The Roman Catholic Archbishop of Westminster has said he understands why contraception is seen as "attractive" in tackling Third World poverty. But Archbishop Vincent Nichols told BBC WM it was not the Church's role to add to calls for condom distribution. The Church opposes contraception, because it believes it interferes with the creation of life.

Aid agencies say contraception is an important way for women in developing nations to take control of fertility. Any form of birth control that might interfere with conception, such as condoms or the Pill, is regarded as sinful by the Catholic Church.

The Church also argues that, in any case, all children should be welcomed as a gift from God. Asked by BBC WM how Catholic teaching could continue to discourage contraception in poorer parts of the world where the birth rate was rapidly rising, Archbishop Nichols said: "I think when it comes to Third World poverty and the great pressure under which many women are put by men, I can see the arguments, why, in the short term, [the] means that give women protection are attractive."

Child abuse (Eh?!)

He went on to say that longer term solutions were needed, and as there were already plenty of "champions" of condoms, it was not the role of the Church to add its voice to those. "If we solve the poverty, then consistently we know that the birth rate comes down.
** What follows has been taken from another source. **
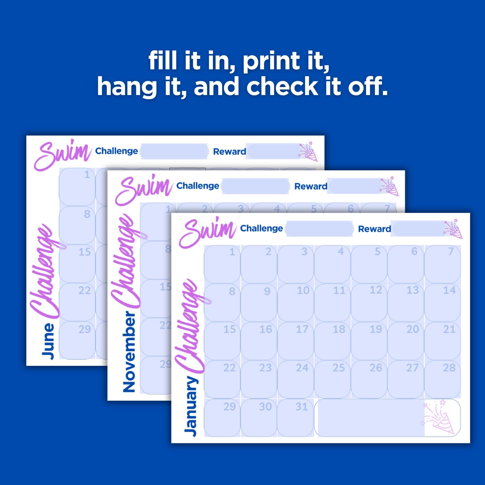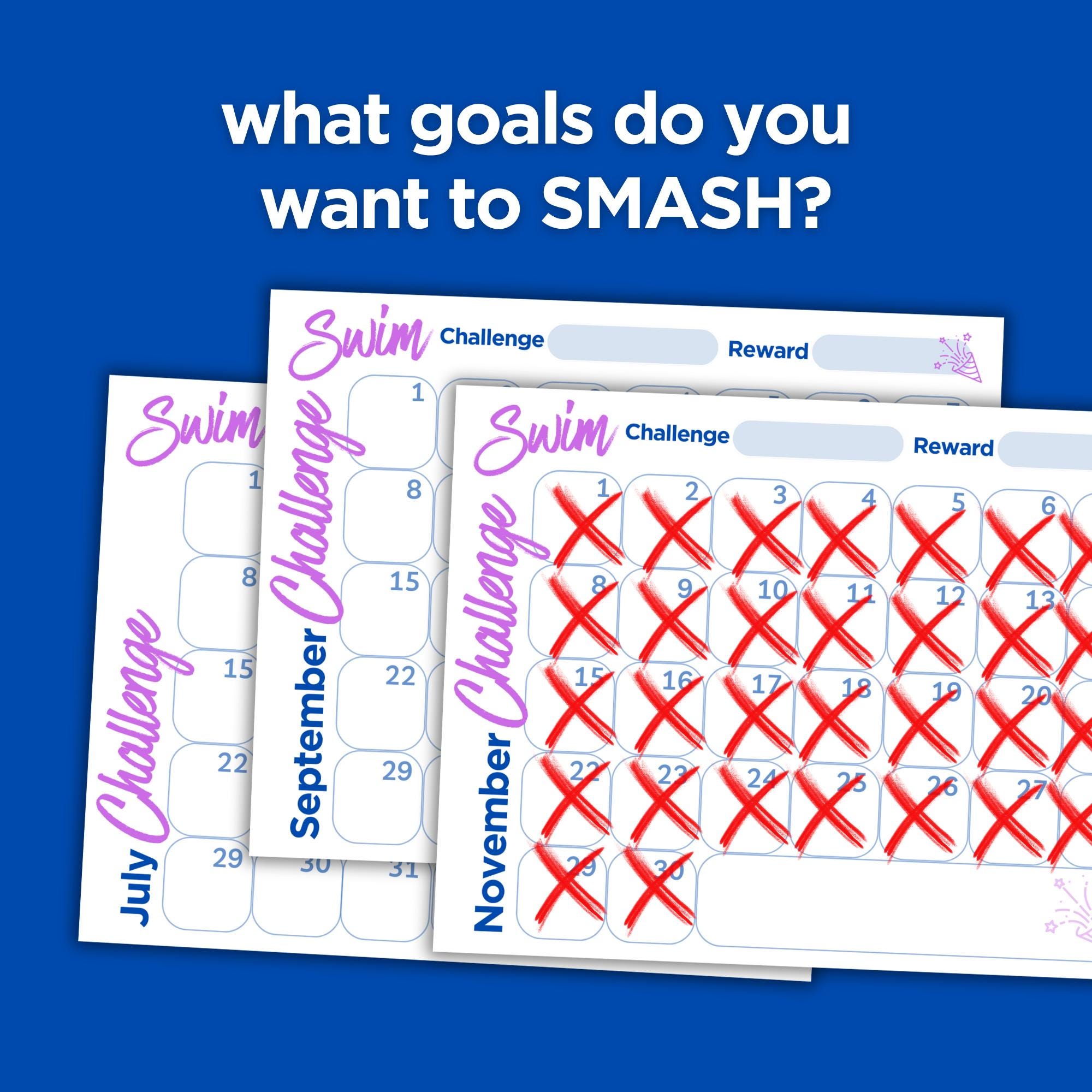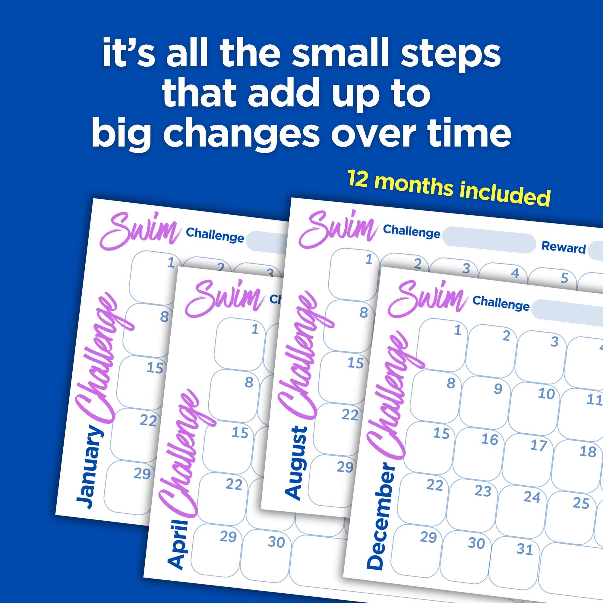 Create 365 days, 12 months of swimming challenges to keep you motivated.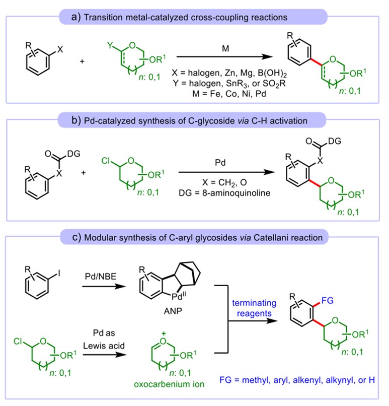 Figure 6: Glycosidation based on (a) Tsuji-Trost reaction, (b) C-H active coupling, and (c) Catellani reaction

If we provide people with security, then consistently birth rates will come down. And they're the radical issues that we should be addressing, not short-term intrusive fixes."

The editor of Catholic publication The Tablet said there had been a "softening" of language from some senior clergy regarding contraception. But Catherine Pepinster also told BBC Radio 4's Today programme it was hard to tell if that would result in a change in policy. There were some cardinals and theologians who said using a condom to prevent HIV, a situation when "you're concerned with preserving life and avoiding death... is a good thing", she added. (So much for new 'Catholic Voices' defending the Church!)

In his interview the Archbishop also talked about the child sex abuse scandal currently confronting the Church worldwide. Allegations that children have been molested by priests have been growing for years. Now Pope Benedict XVI has been drawn into the controversy, with critics saying that he failed to investigate an abusive US priest, Fr Lawrence Murphy.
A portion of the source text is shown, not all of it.